Data: 2001-06-22 13:52:49
Temat: Re: kobieta a stabilizacja materialna
Od: Joanna <c...@p...onet.pl>
Pokaż wszystkie nagłówki
in article m...@p...ninka.net, Nina Mazur Miller at
n...@p...ninka.net wrote on 22-06-01 5:44:
> Joanna <c...@p...onet.pl> writes:
>
>
>> A nie myslisz, ze nie chodzi o WYGODNE, ale GODNE I MADRE zycie? I jednak
>> samodzielne.
>
> Przeciez jedno drugiemu nie przeczy, tzn. zycie wygodne a zarazem
> godne i madre.
No jasne - w ogole nie przeczy.
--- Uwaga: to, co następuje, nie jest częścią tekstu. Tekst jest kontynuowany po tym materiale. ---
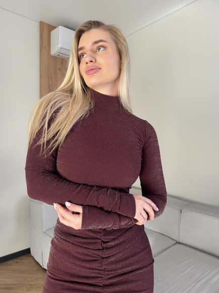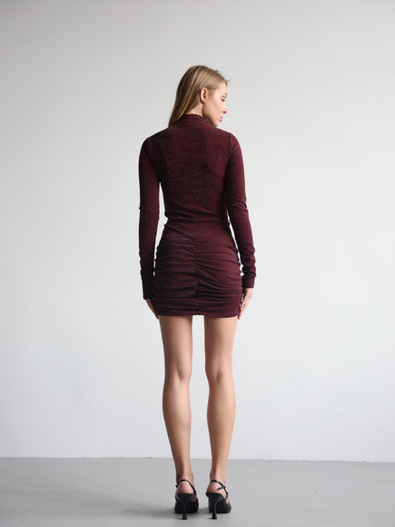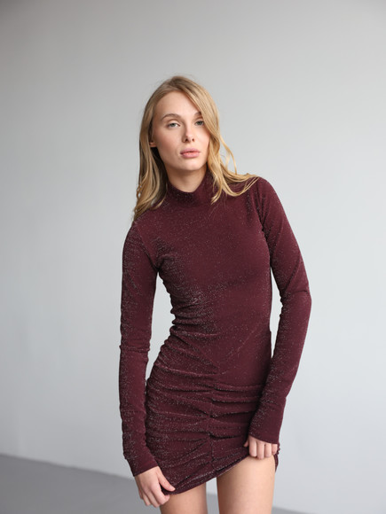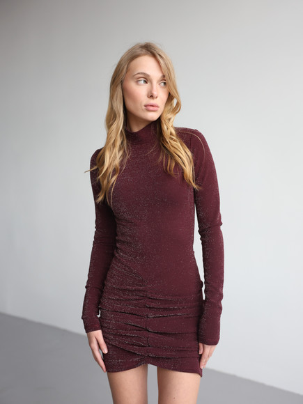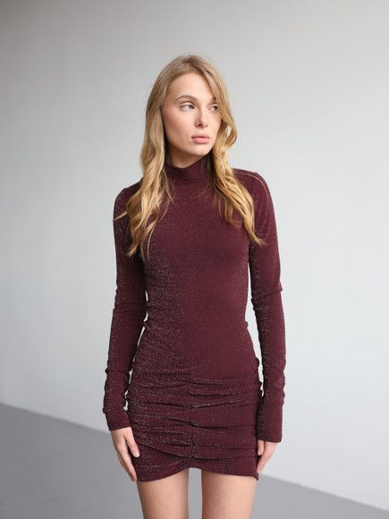 М’яка еластична тканина з делікатним блиском красиво переливається при русі, підкреслюючи силует. Драпірування візуально моделює фігуру, додає жіночності та вигідно акцентує талію й лінії тіла. Довжина міні відкриває ноги, створюючи сміливий і водночас елегантний настрій.
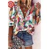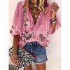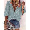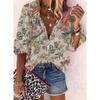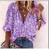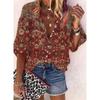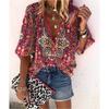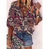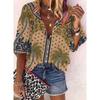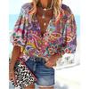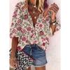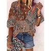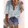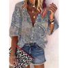 Летняя мода Стойка воротник Свободный крой На пуговицах Ретро принт Повседневные Рукава семь восьмых Женские блузки и рубашки
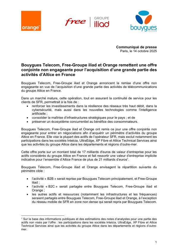 Bouygues Telecom, Free-Groupe iliad et Orange ont remis ce jour une offre conjointe non engageante pour entrer en négociations afin d'acquérir un périmètre d'activités du groupe Altice en France. Elle vise la plupart des actifs de l'opérateur SFR, mais exclut notamment les participations dans les sociétés Intelcia, UltraEdge, XP Fibre et Altice Technical Services ainsi que les activités du groupe Altice dans les départements et régions d'outre-mer.
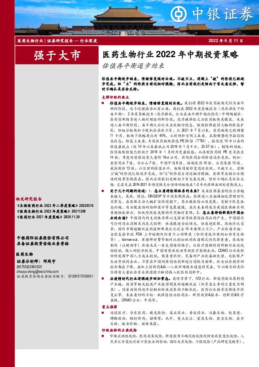 中银证券:医药生物行业2022年中期投资策略:估值再平衡逐步结束.pdf
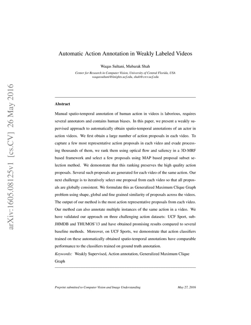 Automatic Action Annotation in Weakly Labeled Videos
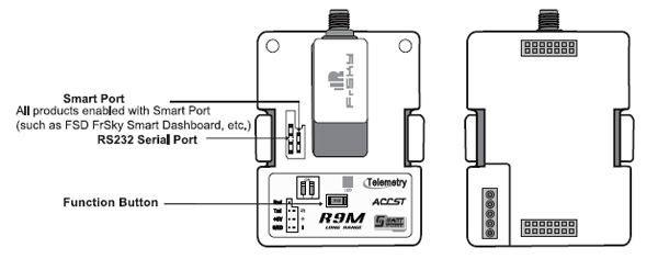 FrSky R9和R9M无线电控制系统是第一台以900MHz频率工作的FrSky远程系统。R9M模块提供4个可切换的射频功率输出,因此您可以为不同的飞行情况选择合适的功率。与另一款Frkky 2.4GHz长距离接收机(如L9R)相比,R9接收机具有更长的操作范围,高达10KM及以上。此外,R9还是可以连接到另一个接收机的冗余接收机,以确保您的飞机的安全。
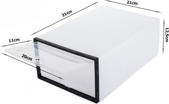 Rendezze cipőit okosan és stílusosan. Ez a műanyag cipősdoboz felnyitható, átlátszó ajtóval rendelkezik, így a tartalom első pillantásra látható. A szellőzőnyílások megakadályozzák a nedvesség bennrekedését és a kellemetlen szagokat. Ha épp nincs rá szükség, egyszerűen laposra összehajtható.

Wprost przeciwnie, bo w ostatecznym
rozrachunku zycie niemadre i niegodne wcale nie jest wygodne (zwykle).
Zalezy oczywiscie od potrzeb.
>
>> "Pasozytnictwo", tj. to ladowanie wygodne na zgrabnym tylku, czasem ma
>> krotkie nogi, bo i tylek z czasem brzydnie, i cudze pieniadze bywa ze
>> znikaja. I wtedy co? Miekkie ladowanie na grubym i brzydkim tylku?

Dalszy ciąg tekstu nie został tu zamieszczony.